Светлый фон

Третий товарищ, в военной гимнастерке, блондин, сказал о том, что при нынешней технике этот памятник перевезут легко. А здесь, на его месте, как на Цветном бульваре, устроят клумбы, поставят фонари, сделают ступеньки и т. д.

Четвертый старичок, в очках, отметил то, что перевозить памятник, как дома перевозили, нельзя, он развалится, ибо у него нет опоры внутри, как у домов. Его нужно перетаскивать частями.

Вместе с этим находятся и такие люди, которые резко возражают, что памятник хотят переставить на площадь. Они за то, чтобы он стоял на старом месте.

Одна старушка, все лицо ее в морщинах, сказала: «Не нужно переносить памятник на площадь. Он стоит здесь уже более полсотни лет. Рабочие против этого перетаскивания памятника. На это будут израсходованы миллионы рублей, которые падут на плечи трудящихся в виде дополнительных налогов. Информация Свердловского РК ВКП(б)» (Центральный архив общественно‑политической истории Москвы).

В ночь с 13 на 14 августа 1950 г. памятник (70 тонн) приподняли на четырех гидравлических домкратах и на специальных тележках отправили с Тверского бульвара в дальнюю дорогу (120 метров) на Пушкинскую площадь. Ночь – вполне обычное время суток для совершения всяких беззаконий и вероломств. Занимался переездом все тот же трест по передвижке и разборке зданий, что участвовал в довоенном разрушении Страстной площади. К раннему утру все было кончено.
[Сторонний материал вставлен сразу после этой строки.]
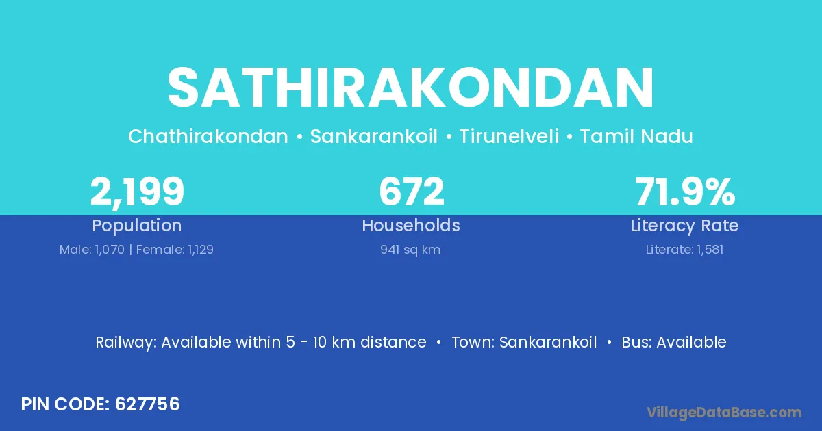 Sankarankoil is the nearest town to Sathirakondan village for major economic activities
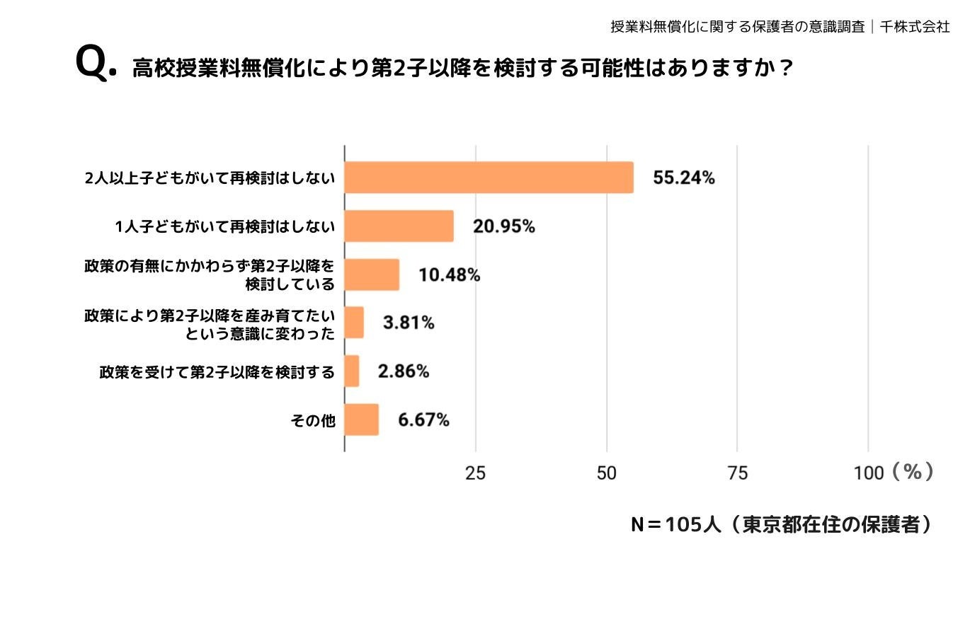 この政策により第2子以降を検討する可能性があるか質問したところ、「2人以上子どもがいて再検討はしない」(55.24%)、「1人子どもがいて再検討はしない」(20.95%)で、再検討しないと答えた保護者が76.19%。「政策により第2子以降を産み育てたいという意識に変わった」(3.81%)、「政策により第2子以降を検討する」(2.86%)合わせて6.67%で、この政策により更に子どもを産みたいという意識の変化があった保護者は多くないことが分かります。
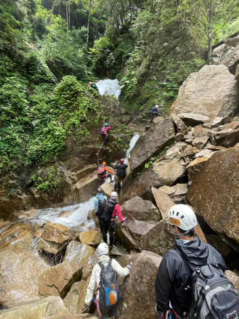 若い講習生さん達のパワーをもらい、ベテランの会員さんに囲まれ安心安全な、沢講習一回目、とても楽しかったです。
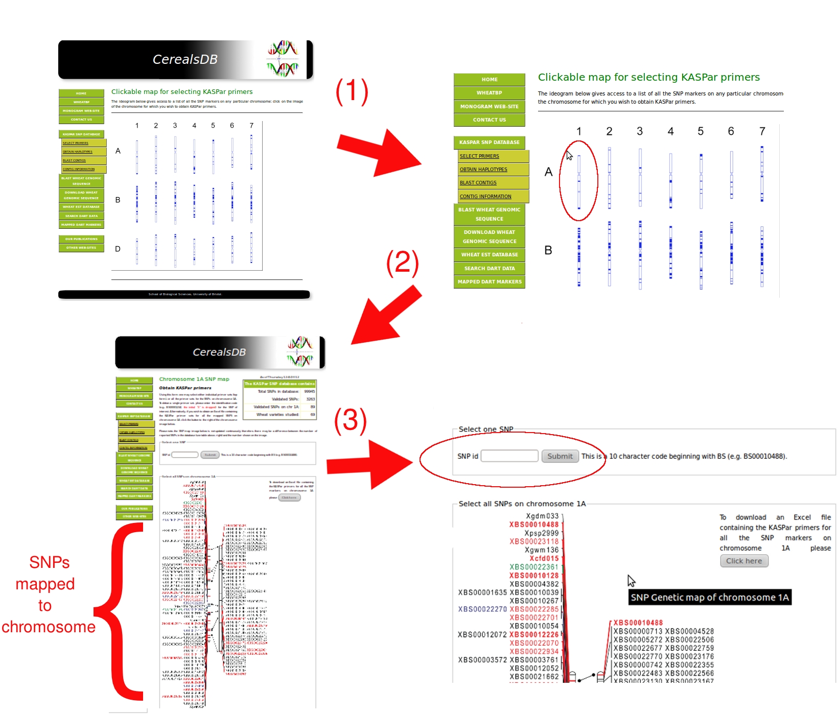 - Information on a specific SNP on the map can be obtained by entering its BS SNP code into the "Select one SNP" field and pressing the submit button. Alternatively, all of the primers for each SNP on this chromosome can be downloaded in Excel format by pressing the "Click here" button.

Инициаторы переноса памятника не читали, видимо, очерк Марины Цветаевой «Мой Пушкин», в котором она так искренно и нежно объяснилась ему в любви:

«Памятник Пушкина был не памятник Пушкина (родительный падеж), а просто Памятник‑Пушкина, в одно слово, с одинаково непонятными и порознь не существующими понятиями памятника и Пушкина. То, что вечно, под дождем и под снегом, – о, как я вижу эти нагруженные снегом плечи, всеми российскими снегами нагруженные и осиленные африканские плечи! – плечами в зарю или в метель, прихожу я или ухожу, убегаю или добегаю, стоит с вечной шляпой в руке, называется «Памятник Пушкина».

Памятник Пушкина был и моя первая пространственная мера: от Никитских ворот до памятника Пушкина – верста, та самая вечная пушкинская верста, верста «Бесов», верста «Зимней дороги», верста всей пушкинской жизни и наших детских хрестоматий, полосатая и торчащая, непонятная и принятая.

Памятник Пушкина был – обиход, такое же действующее лицо детской жизни, как рояль или за окном городовой Игнатьев, – кстати, стоявший почти так же непреложно, только не так высоко, – памятник Пушкина был одна из двух (третьей не было), ежедневных неизбежных прогулок – на Патриаршие пруды – или к Памятник‑Пушкину.